TSP - Given a set of cities and distances between every pair of cities, find the shortest way of visiting all the cities exactly once and returning to the starting city.


# Pre-preparation command for colab instance : 

Run to import dependencies into the project.

In [None]:
import math
import random
from timeit import default_timer as timer # Used for timing data
from tqdm import tqdm
import matplotlib.pyplot as plt

#Input Generation :
We generate the input for our program by creating unique co-ordinates having values ranging from 1 to 1000 (both x and y) via pseudorandom number generators.
We find out out the Euclidean distances between all of them and store them in our matrix.

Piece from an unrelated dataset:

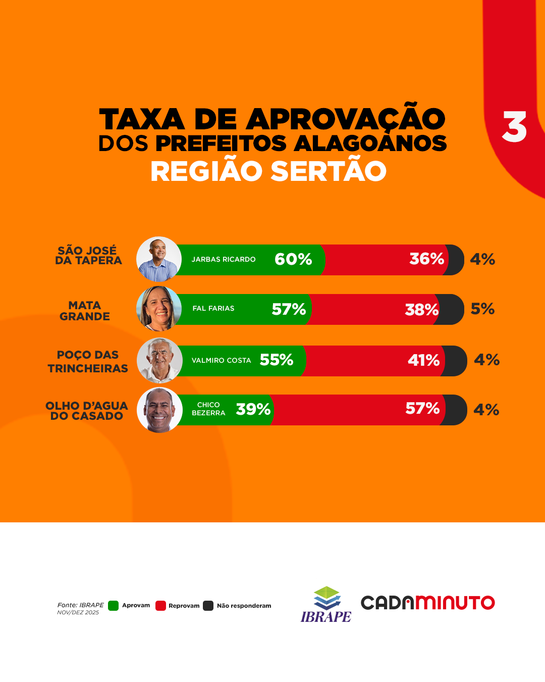 No terceiro recorte do levantamento, os índices de aprovação são mais modestos. Em São José da Tapera, o prefeito Jarbas Ricardo tem 60% de aprovação, seguido por Mata Grande, onde Fal Farias registra 57%. Poço das Trincheiras aparece com 55% de aprovação da gestão de Valmiro Costa. O cenário mais desfavorável da região é observado em Olho d’Água do Casado, onde o prefeito Chico Bezerra tem 39% de aprovação, contra 57% de reprovação, sendo o único gestor sertanejo com índice negativo superior ao positivo.

Distances are generated in this manner in order to satisfy triangle inequalities, allowing our heuristic to perform better.

i/p : numV, number of vertices required

o/p : Tgraph, a numV x numV matrix containing distances between all the points, such that Tgraph[i][j] gives distance from the ith point to the jth point

In [None]:
def randomIPGen(numV):
  #numV = int(input("Enter the number of vertices required for input graph :"))
  indiceDict = {} # Checks for duplicate indices
  coordlist = [] # Stores randomly generated co-ordinates
  for i in range(numV):
    r1 = random.randint(1, 1000)
    r2 = random.randint(1, 1000)
    if r1 not in indiceDict.keys() :
      while r1 not in indiceDict.keys() :
        r1 = random.randint(1, 1000)
        r2 = random.randint(1, 1000)
        indiceDict[r1] = r2
    coordlist.append([r1,r2])
  Tgraph = [[-1 for i in range(numV)] for j in range(numV)]
  for i in range(numV):
    for j in range(numV):
      if Tgraph[i][j] == -1:
        # Eucledian distance
        Tgraph[i][j] = math.sqrt( ((coordlist[i][0]-coordlist[j][0])**2)+((coordlist[i][1]-coordlist[j][1])**2)) 
        Tgraph[j][i] = Tgraph[i][j]
  print("\nRandomly generated graph of ",numV,"vertices :")
  for i in Tgraph :
    print(i)
  print()
  return Tgraph
#distMatrix = randomIPGen(5)

#Population creation :
A member of the population is defined as a random sampling of all the city indices present, i.e a randomly generated route from city 0, traversing through all the cities, and returning to the city of origin itself.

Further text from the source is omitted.